Folha de S. Paulo


editorial

Espiral turca

Jamais será fácil enfrentar uma sequência de ataques terroristas como a que atormenta a Turquia, mas isso não significa que a comunidade internacional deva aplaudir qualquer resposta. Existem caminhos piores e melhores —e os escolhidos pelo presidente Recep Tayyip Erdogan estão entre os primeiros.

Não se trata de minimizar os desafios impostos pela onda de atentados, que matou pelo menos 286 pessoas no ano passado. Na tragédia mais recente, um terrorista da facção Estado Islâmico tirou a vida de 39 pessoas que celebravam o Réveillon em um clube noturno.

A escalada das últimas semanas inclui o assassinato do embaixador russo numa exposição de arte e a detonação de bombas por separatistas curdos nas imediações de um estádio de futebol em Istambul, com um saldo de 40 mortes.

Erdogan, ademais, tem de lidar com as graves consequências da guerra civil na Síria —que inunda a Turquia de refugiados— e sobreviveu a um golpe de Estado, em julho.

Como reação à intentona, o presidente demitiu milhares de funcionários públicos (estima-se que mais de 120 mil) com vistas a garantir a estabilidade do Estado. Ao que tudo indica, deu-se o inverso: esvaziou-se o aparato de inteligência e segurança, e o governo não consegue antecipar ameaças.

As crises simultâneas, porém, não equivalem a uma carta branca nas mãos de Erdogan, sobretudo quando pretende dilacerar as bases da já frágil democracia turca.

Contando com respaldo de parte da sociedade, o presidente cria adversários imaginários ao equiparar críticas ao governo a um crime contra o Estado. Em clima de caça às bruxas, o Ministério do Interior anunciou que investiga 10 mil pessoas pelo uso de redes sociais, alegadamente para apoiar grupos terroristas ou insultar o poder público.

A imprensa tornou-se alvo preferencial. Cerca de 150 jornalistas estão na prisão sob acusações infundadas e sem direito ao devido processo legal. Além de perseguir críticos, Erdogan insufla o nacionalismo rasteiro —tática nada inédita.
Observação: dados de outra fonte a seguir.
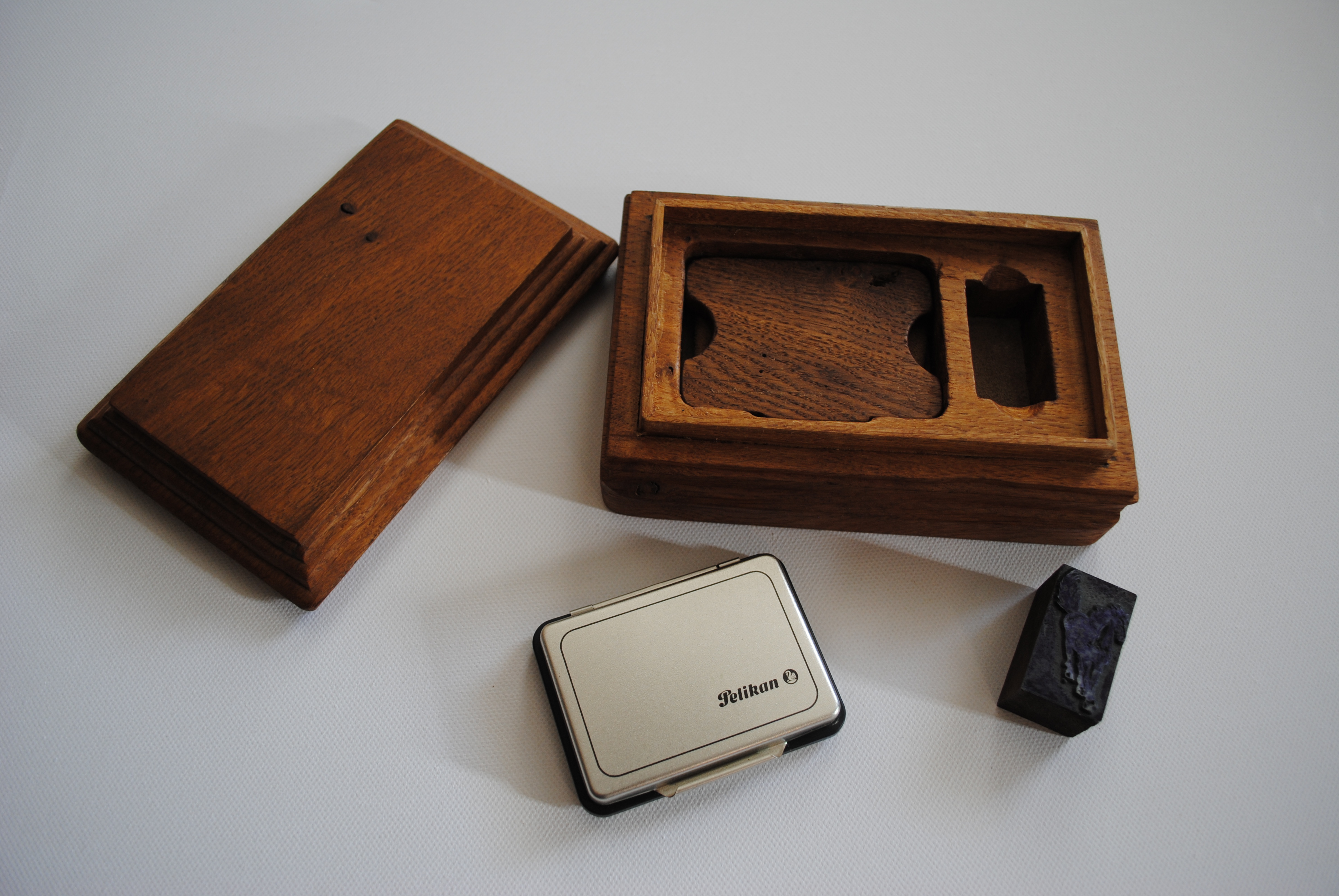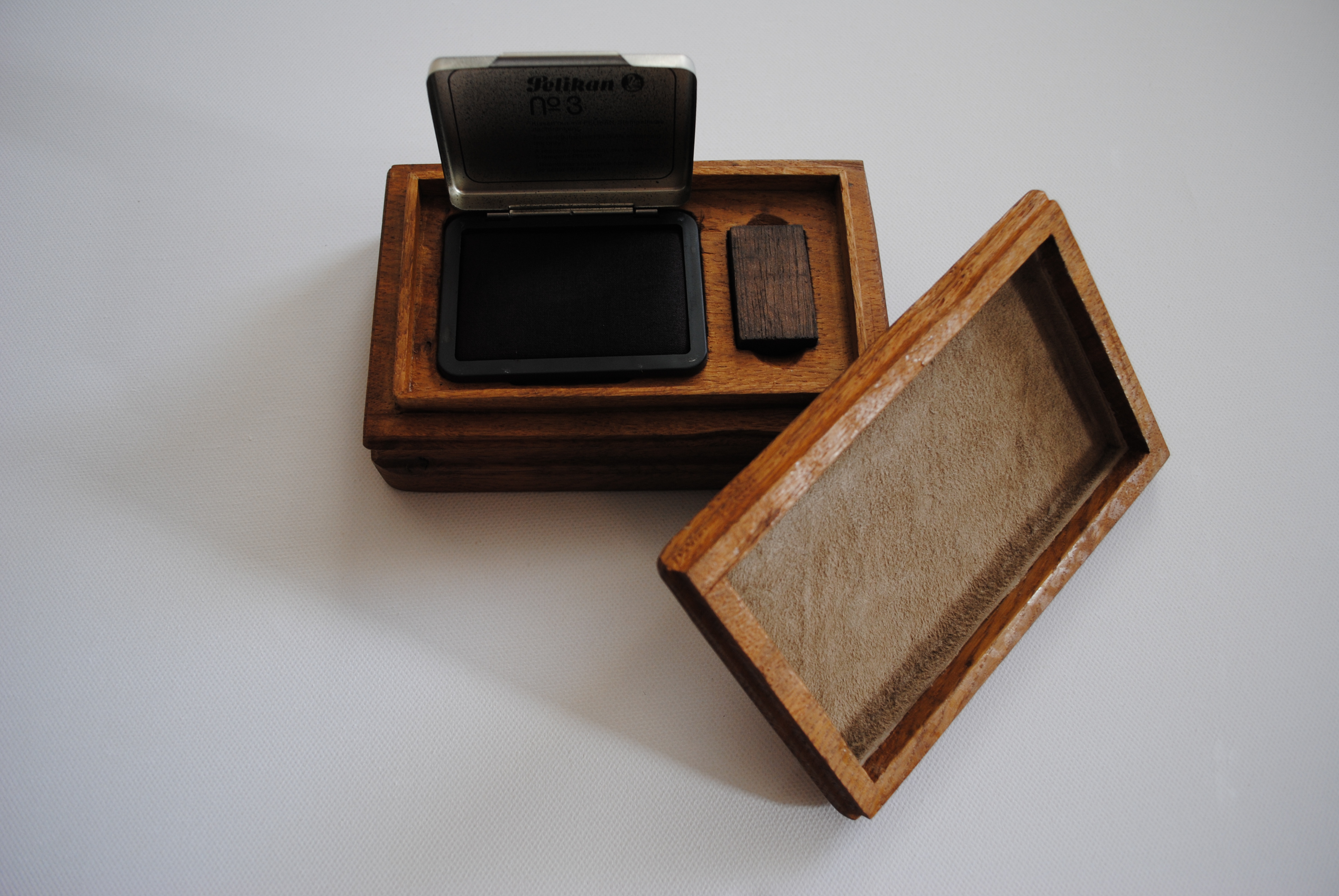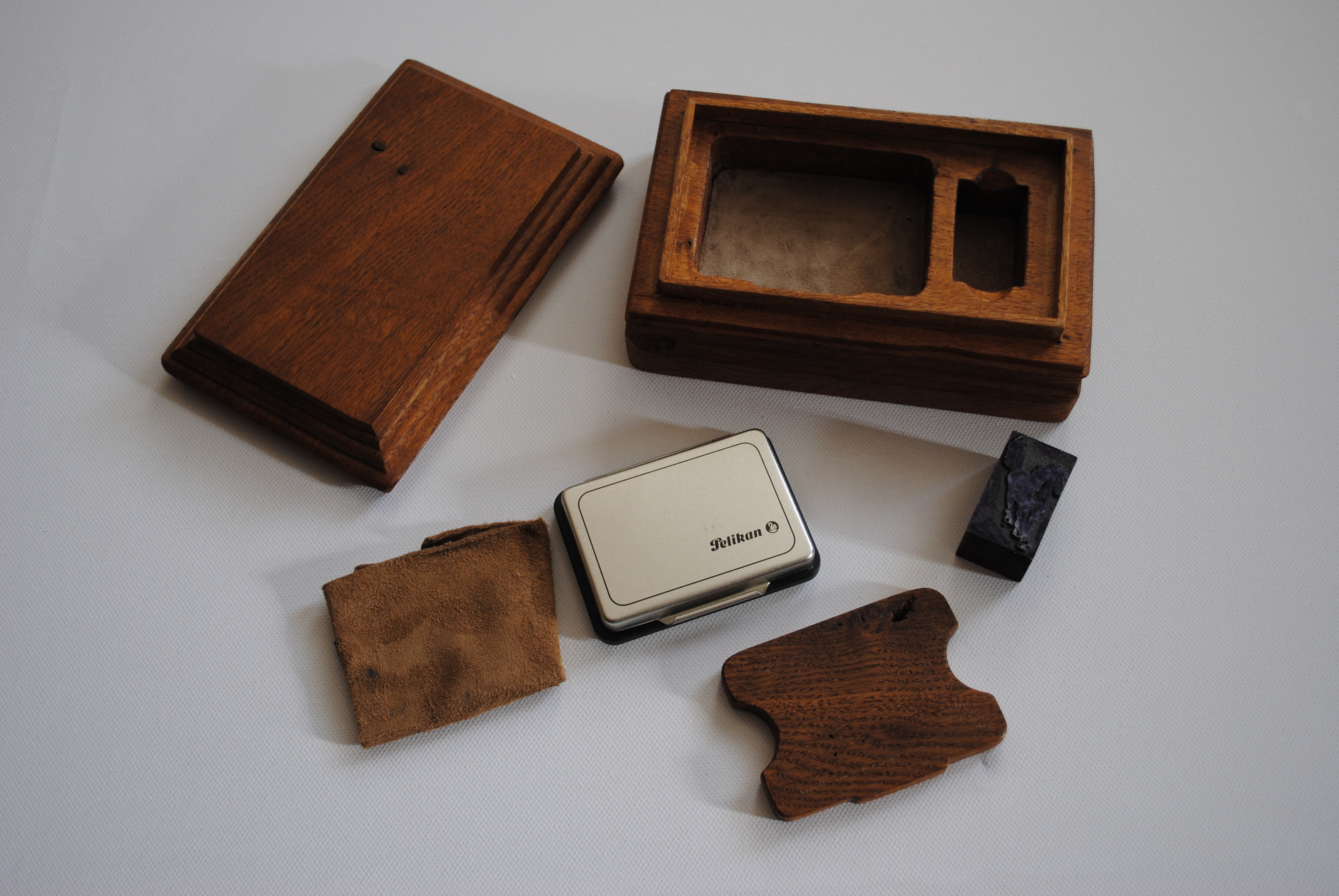 Das Kästchen ist an Deckel und Boden innen mit Wildleder ausgelegt, unter dem Stempelkissen ist ein herausnehmbarer Boden, in dem sich ein Stück Wildleder zum Reinigen des Stempels befindet.

Contra a desaprovação internacional, aliados em alguns meios de comunicação insuflam teorias conspiratórias; potências ocidentais, EUA à frente, teriam ligações com as ações terroristas.

Assim como aconteceu nos EUA depois do 11 de Setembro e, mais recentemente, na Alemanha, os ataques terroristas estimulam a busca de soluções falsas no autoritarismo e na xenofobia. Nessa prova de fogo, a Turquia avança depressa no rumo oposto ao desejável.